0131 GMT February 19, 2020
With Trump warning of a last chance for “the worst deal ever negotiated”, Britain, France and Germany have been working with US officials to draw up a strategy to improve the Iran nuclear deal in return for Trump keeping the pact alive by renewing US sanctions relief on May 12, a report by Reuters said.
Parallel to those efforts, the three European powers, joined by Italy and the European Union, have initiated discussions with Iran to address regional issues.
Western states express their concerns over Iran’s activities in the region, which they claim they are destabilizing.
Tehran denies this and accuses the United States, Israel and Saudi Arabia of fomenting tensions in the Middle East.

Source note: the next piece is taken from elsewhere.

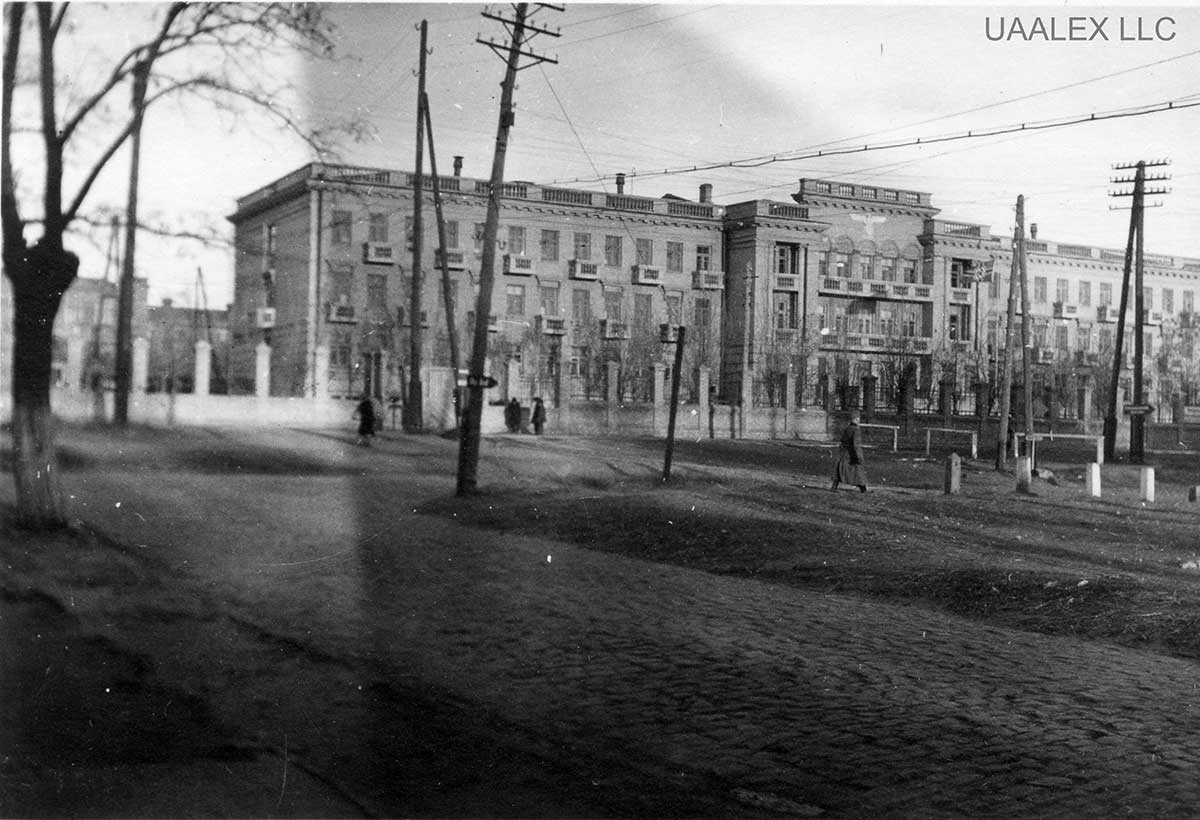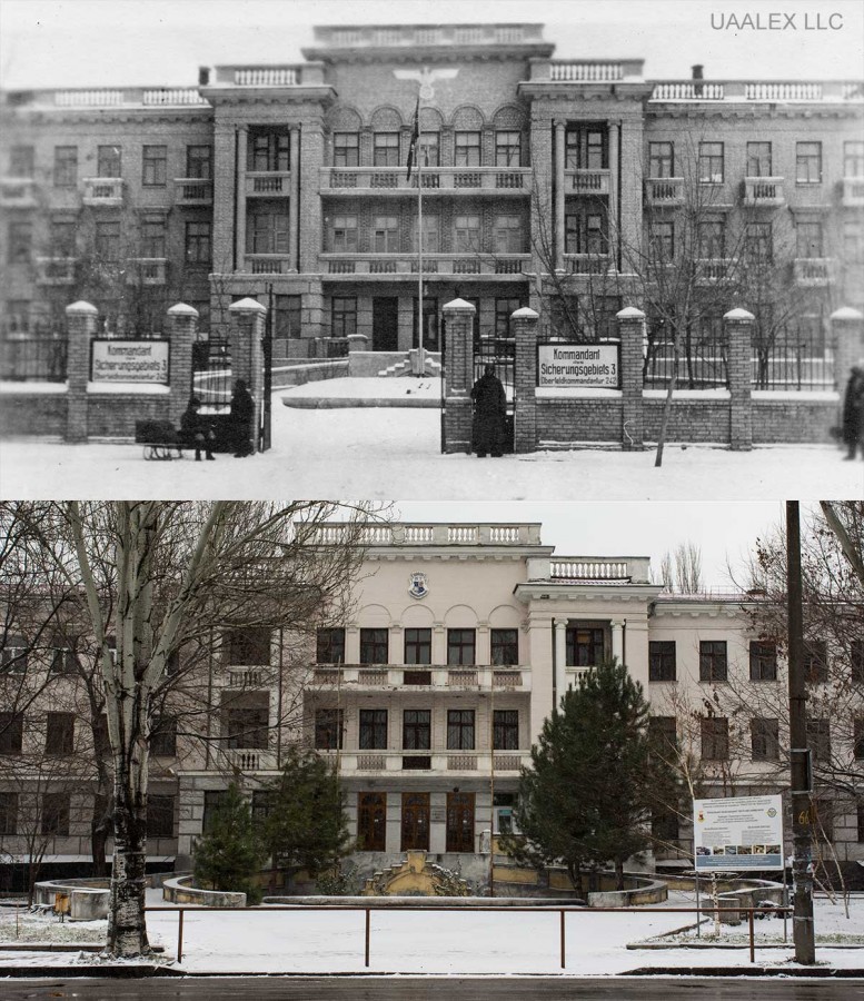 Фотографии Запорожской военной комендатуры во времена оккупации нацистскими войсками 1941-1942 годов. Располагалась она по адресу ул. Гоголя, 64 в теперешнем втором корпусе ЗНТУ. Гитлер на входе в комендатуру

Senior officials held a first meeting on the sidelines of last month’s Munich security conference, focusing on Iran’s role in the Yemen conflict. They are due to meet again in Italy this month, two European diplomats and an Iranian official said. A third European confirmed the Munich meeting.
“The Iranians are pretty co-operative, but having a positive meeting doesn’t mean we’ll see any sort of impact in the real world,” said a senior European diplomat.
“Most of the gaps can be narrowed with the West ... but it needs goodwill and loads of work,” said a senior Iranian official.
“The West should gain our trust again ... the nuclear deal was not fully implemented, how can we trust them on other issues?”
The European powers, who meet American officials in Berlin on March 15, have stressed to the United States that while they will work on an Iran strategy, including tackling its ballistic missile program, in return Trump must not kill the accord.
“We want to keep the nuclear deal, but we’re telling the Iranians that we have other problems with them. We need to see progress on these issues. Otherwise, because of Trump it will lead to the collapse of the accord,” said a senior French diplomat.
The United States and Saudi Arabia have repeatedly accused Iran of supplying weapons to the Houthis in Yemen, a claim Tehran has consistently denied, however, admitting political support for the movement.
The Houthi movement has been defending Yemen against a bloody Saudi-led military campaign, which was launched in 2015 with the help of the US and the UK to reinstall the country’s former Riyadh-friendly government.
Since 2015, the Saudi-led coalition of mostly Persian Gulf countries, supported by the United States and the United Kingdom, has been carrying out airstrikes against the Houthis at the former Yemeni president Abd Rabbuh Mansur Hadi's request.